**GOAL OF THE EXERCISE**
A verbatim copy of the records is required, with all pictures left out.

(AVAILABLE RECORDS)

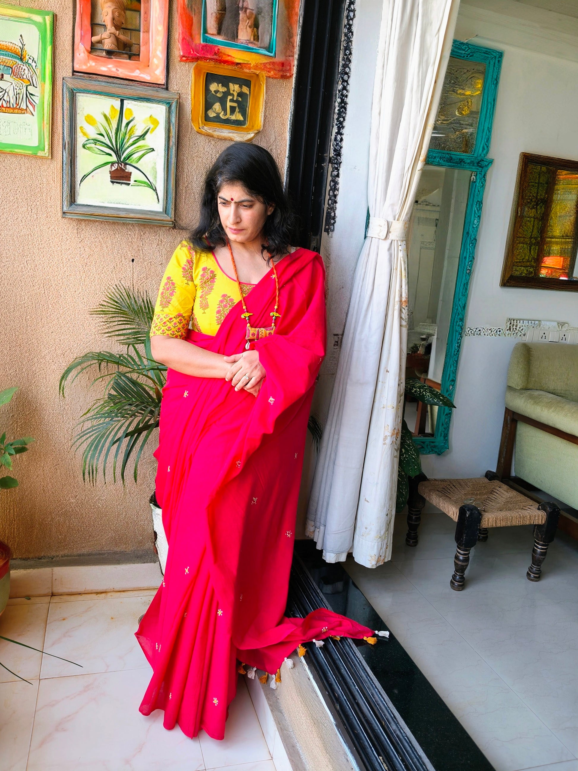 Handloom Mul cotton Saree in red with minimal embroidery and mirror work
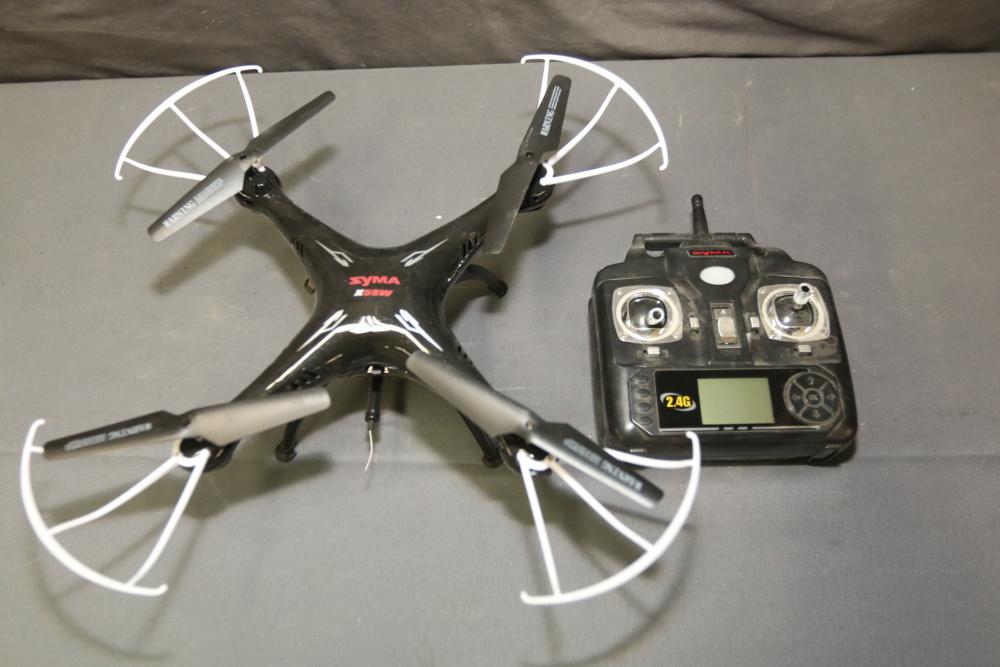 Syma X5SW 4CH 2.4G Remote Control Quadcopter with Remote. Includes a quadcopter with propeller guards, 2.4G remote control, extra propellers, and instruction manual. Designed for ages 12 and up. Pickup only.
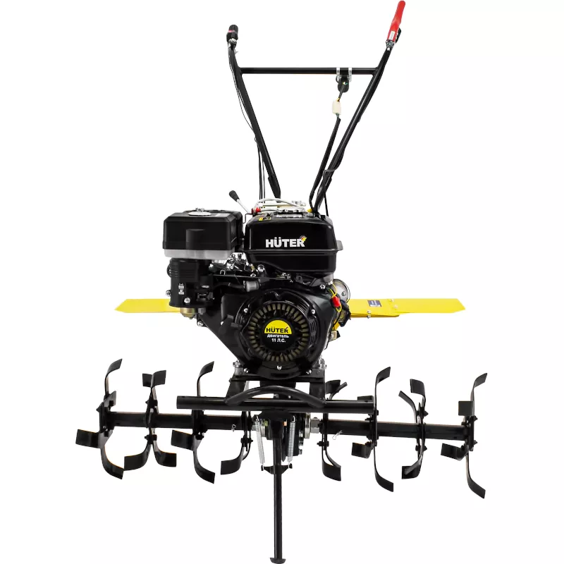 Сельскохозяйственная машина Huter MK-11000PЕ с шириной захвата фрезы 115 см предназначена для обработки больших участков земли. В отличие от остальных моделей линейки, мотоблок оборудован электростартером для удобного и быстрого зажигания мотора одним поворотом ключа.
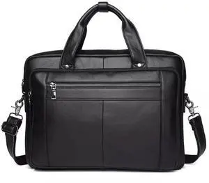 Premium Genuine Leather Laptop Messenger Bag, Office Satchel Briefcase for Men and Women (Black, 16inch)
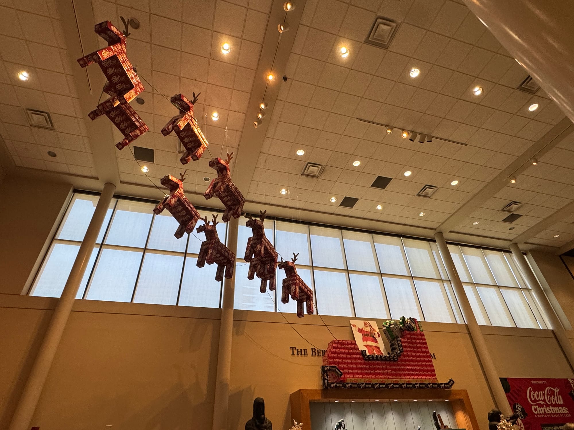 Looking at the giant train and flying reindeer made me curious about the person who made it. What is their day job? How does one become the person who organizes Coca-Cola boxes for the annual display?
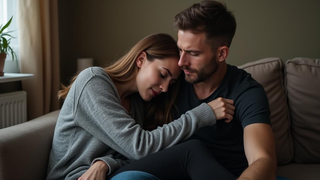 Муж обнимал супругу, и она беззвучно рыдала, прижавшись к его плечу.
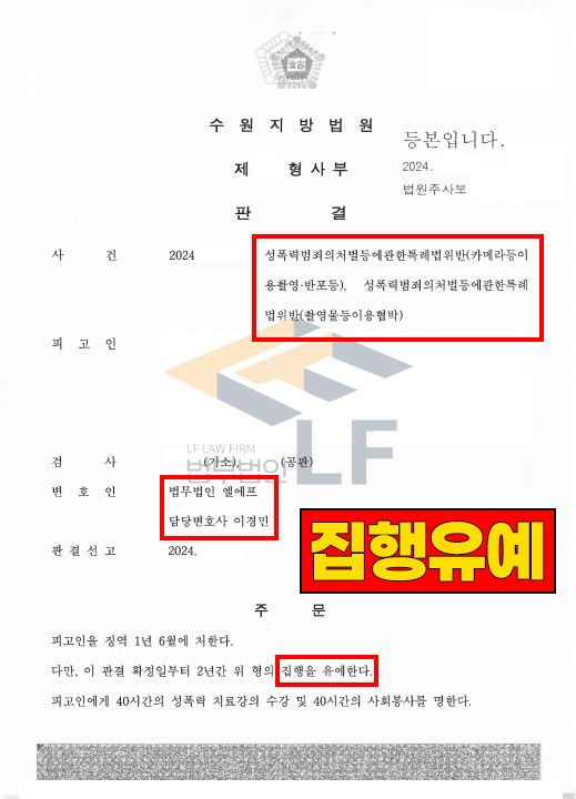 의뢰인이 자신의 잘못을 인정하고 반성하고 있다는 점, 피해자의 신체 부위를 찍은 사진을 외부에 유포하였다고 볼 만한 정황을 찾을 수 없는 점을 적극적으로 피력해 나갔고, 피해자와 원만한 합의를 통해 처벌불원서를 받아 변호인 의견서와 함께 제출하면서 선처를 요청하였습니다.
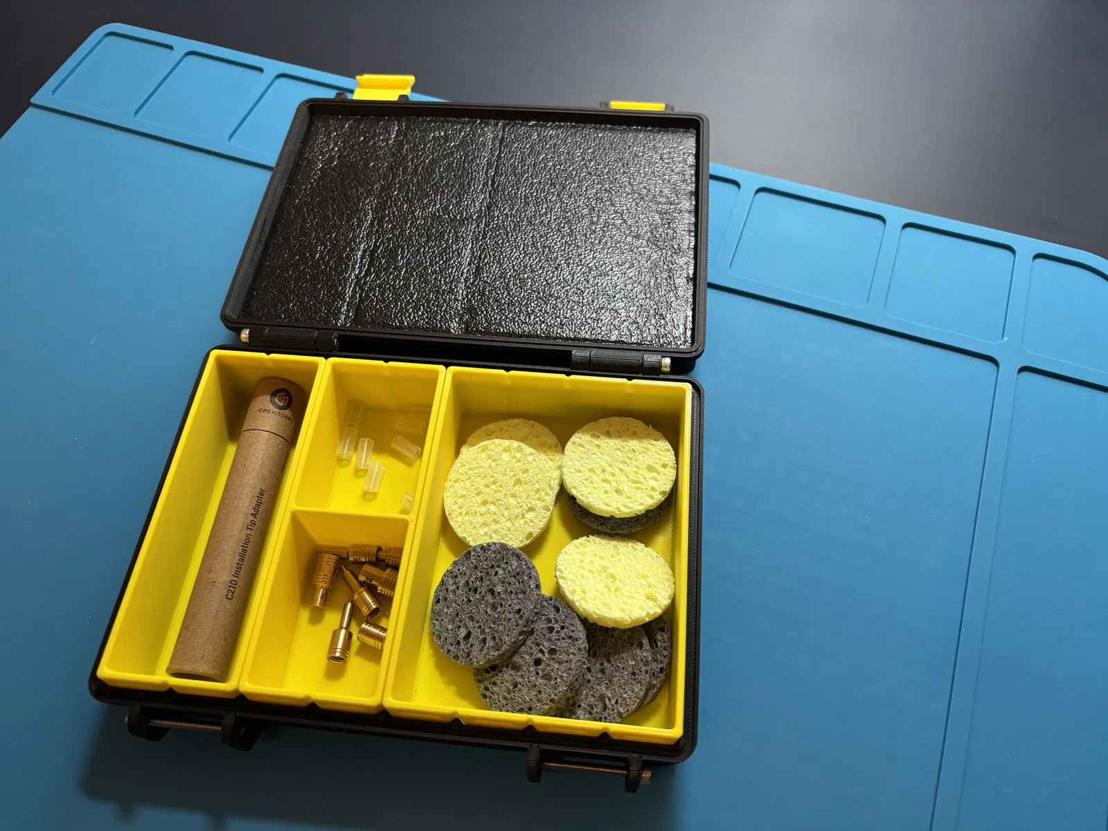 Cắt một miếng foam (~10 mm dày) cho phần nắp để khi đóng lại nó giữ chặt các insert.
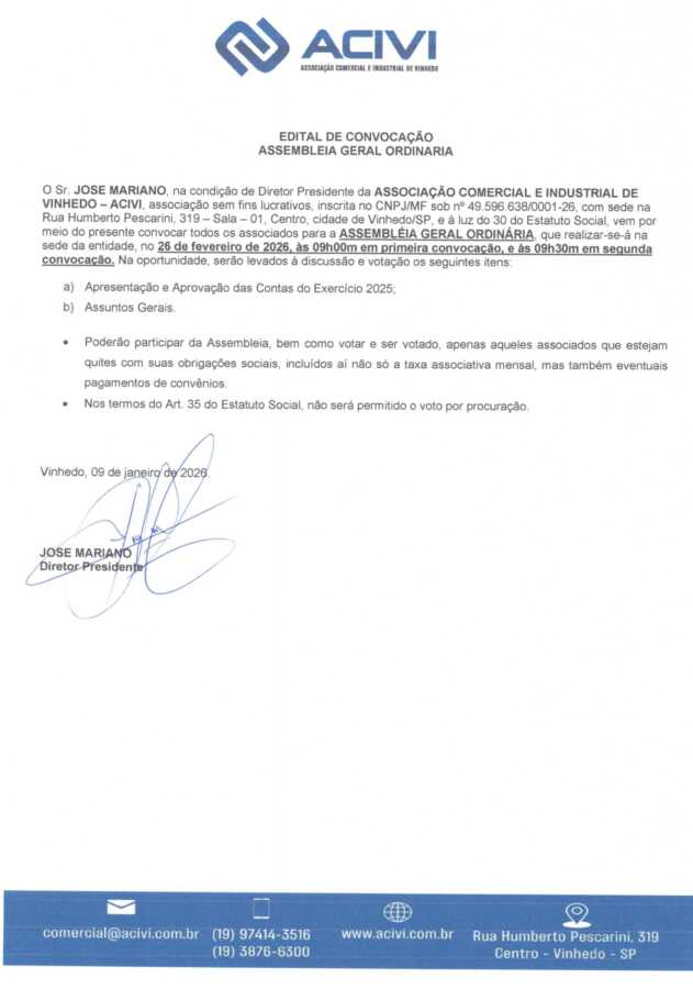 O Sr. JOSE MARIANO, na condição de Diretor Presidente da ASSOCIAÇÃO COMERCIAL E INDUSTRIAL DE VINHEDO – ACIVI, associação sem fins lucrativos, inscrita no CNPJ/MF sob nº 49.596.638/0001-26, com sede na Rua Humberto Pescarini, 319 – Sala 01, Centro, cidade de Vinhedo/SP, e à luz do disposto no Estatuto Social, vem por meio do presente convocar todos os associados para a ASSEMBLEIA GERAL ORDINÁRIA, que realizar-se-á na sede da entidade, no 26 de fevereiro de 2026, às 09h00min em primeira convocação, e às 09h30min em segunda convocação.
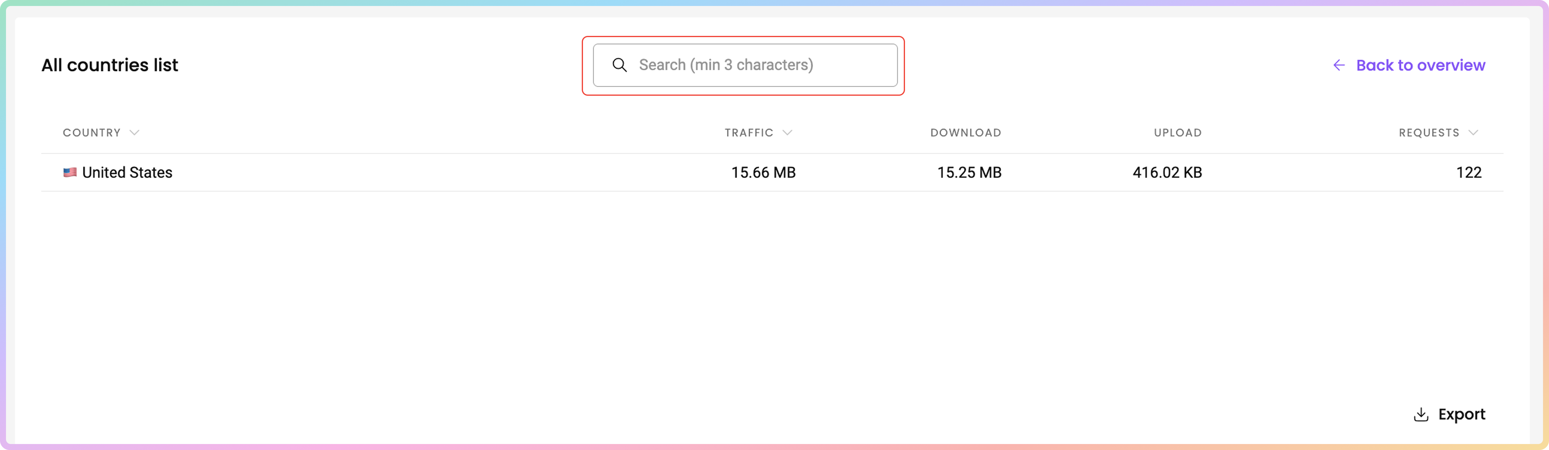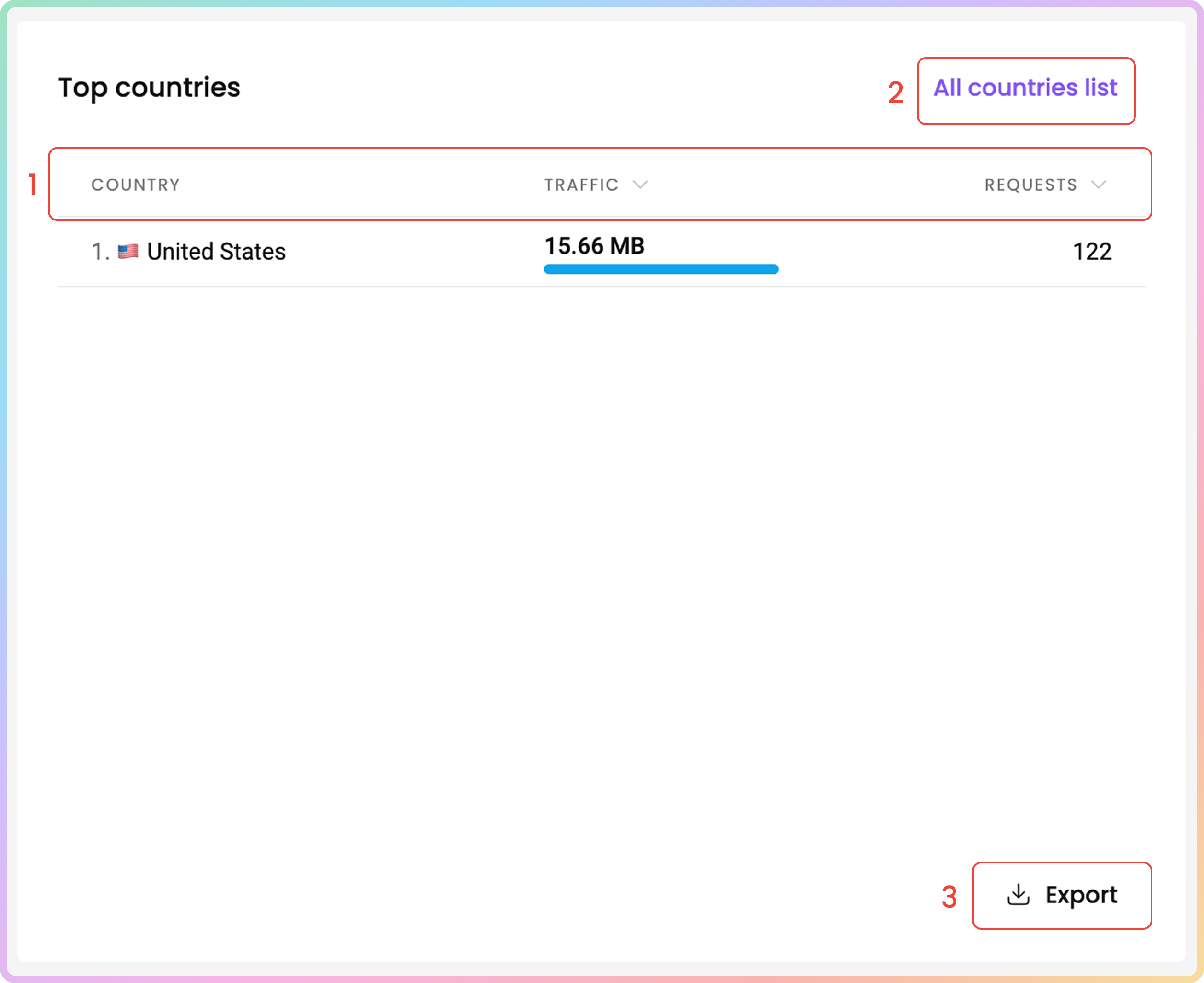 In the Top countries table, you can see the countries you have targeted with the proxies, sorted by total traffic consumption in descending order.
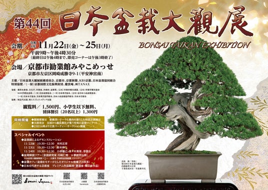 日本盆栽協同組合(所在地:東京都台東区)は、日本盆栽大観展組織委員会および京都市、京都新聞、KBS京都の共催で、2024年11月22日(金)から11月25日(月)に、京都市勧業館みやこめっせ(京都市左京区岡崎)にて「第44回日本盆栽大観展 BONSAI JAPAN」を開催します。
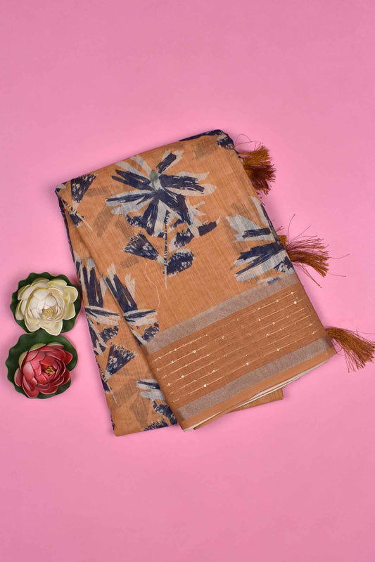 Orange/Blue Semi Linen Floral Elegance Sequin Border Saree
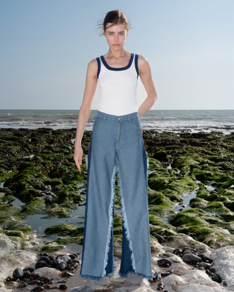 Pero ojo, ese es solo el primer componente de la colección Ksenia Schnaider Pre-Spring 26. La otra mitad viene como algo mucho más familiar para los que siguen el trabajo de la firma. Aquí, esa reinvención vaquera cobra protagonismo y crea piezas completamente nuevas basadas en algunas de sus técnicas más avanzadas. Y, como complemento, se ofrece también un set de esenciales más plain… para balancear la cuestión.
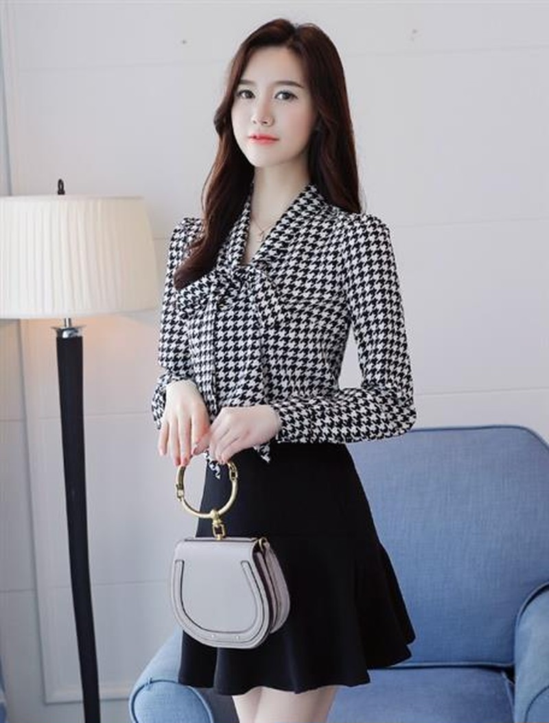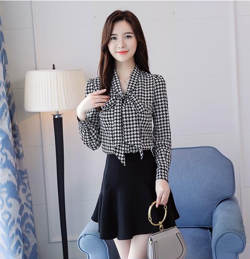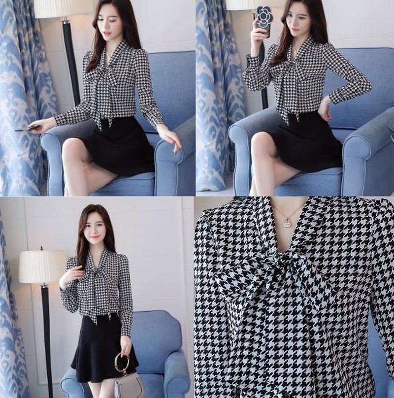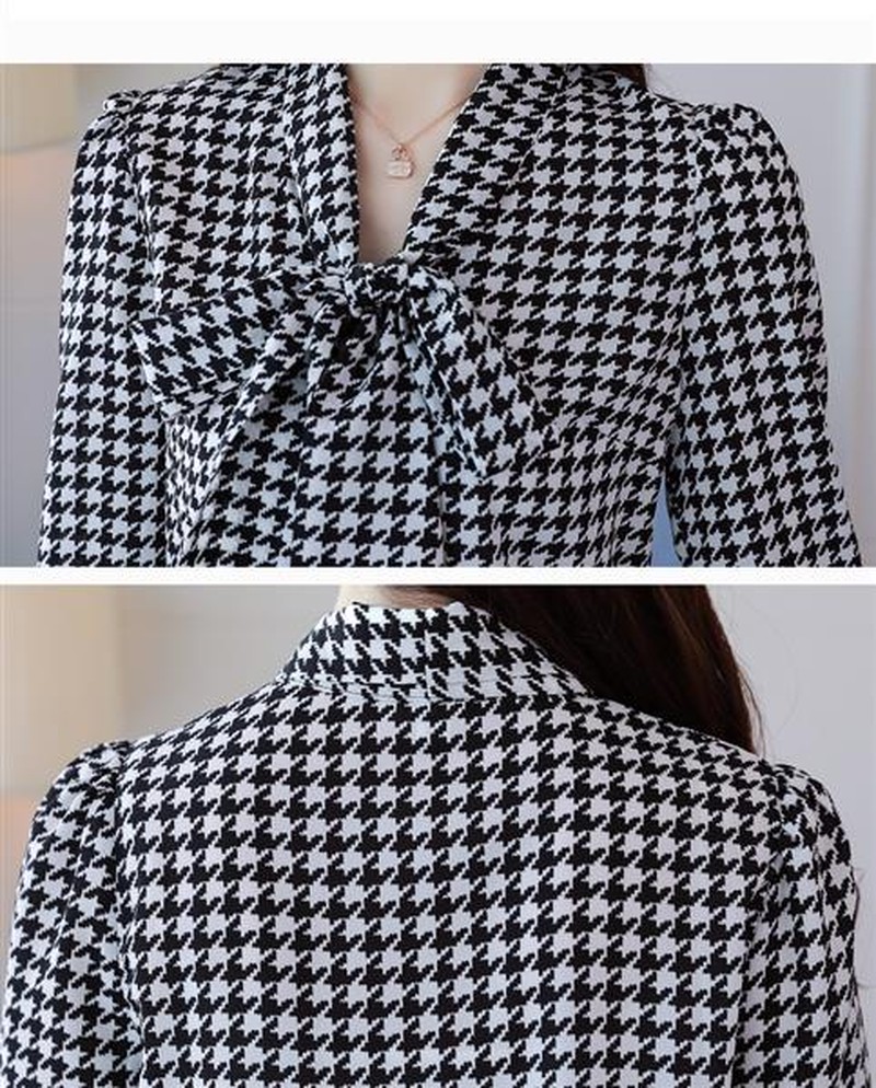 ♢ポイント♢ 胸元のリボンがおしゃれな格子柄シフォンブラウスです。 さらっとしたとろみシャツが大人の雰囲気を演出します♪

(End AVAILABLE RECORDS)

**TASK RESPONSE**
 Handloom Mul cotton Saree in red with minimal embroidery and mirror work
 Syma X5SW 4CH 2.4G Remote Control Quadcopter with Remote. Includes a quadcopter with propeller guards, 2.4G remote control, extra propellers, and instruction manual. Designed for ages 12 and up. Pickup only.
 Сельскохозяйственная машина Huter MK-11000PЕ с шириной захвата фрезы 115 см предназначена для обработки больших участков земли. В отличие от остальных моделей линейки, мотоблок оборудован электростартером для удобного и быстрого зажигания мотора одним поворотом ключа.
 Premium Genuine Leather Laptop Messenger Bag, Office Satchel Briefcase for Men and Women (Black, 16inch)
 Looking at the giant train and flying reindeer made me curious about the person who made it. What is their day job? How does one become the person who organizes Coca-Cola boxes for the annual display?
 Муж обнимал супругу, и она беззвучно рыдала, прижавшись к его плечу.
 의뢰인이 자신의 잘못을 인정하고 반성하고 있다는 점, 피해자의 신체 부위를 찍은 사진을 외부에 유포하였다고 볼 만한 정황을 찾을 수 없는 점을 적극적으로 피력해 나갔고, 피해자와 원만한 합의를 통해 처벌불원서를 받아 변호인 의견서와 함께 제출하면서 선처를 요청하였습니다.
 Cắt một miếng foam (~10 mm dày) cho phần nắp để khi đóng lại nó giữ chặt các insert.
 O Sr. JOSE MARIANO, na condição de Diretor Presidente da ASSOCIAÇÃO COMERCIAL E INDUSTRIAL DE VINHEDO – ACIVI, associação sem fins lucrativos, inscrita no CNPJ/MF sob nº 49.596.638/0001-26, com sede na Rua Humberto Pescarini, 319 – Sala 01, Centro, cidade de Vinhedo/SP, e à luz do disposto no Estatuto Social, vem por meio do presente convocar todos os associados para a ASSEMBLEIA GERAL ORDINÁRIA, que realizar-se-á na sede da entidade, no 26 de fevereiro de 2026, às 09h00min em primeira convocação, e às 09h30min em segunda convocação.
 In the Top countries table, you can see the countries you have targeted with the proxies, sorted by total traffic consumption in descending order.
 日本盆栽協同組合(所在地:東京都台東区)は、日本盆栽大観展組織委員会および京都市、京都新聞、KBS京都の共催で、2024年11月22日(金)から11月25日(月)に、京都市勧業館みやこめっせ(京都市左京区岡崎)にて「第44回日本盆栽大観展 BONSAI JAPAN」を開催します。
 Orange/Blue Semi Linen Floral Elegance Sequin Border Saree
 Pero ojo, ese es solo el primer componente de la colección Ksenia Schnaider Pre-Spring 26. La otra mitad viene como algo mucho más familiar para los que siguen el trabajo de la firma. Aquí, esa reinvención vaquera cobra protagonismo y crea piezas completamente nuevas basadas en algunas de sus técnicas más avanzadas. Y, como complemento, se ofrece también un set de esenciales más plain… para balancear la cuestión.
 ♢ポイント♢ 胸元のリボンがおしゃれな格子柄シフォンブラウスです。 さらっとしたとろみシャツが大人の雰囲気を演出します♪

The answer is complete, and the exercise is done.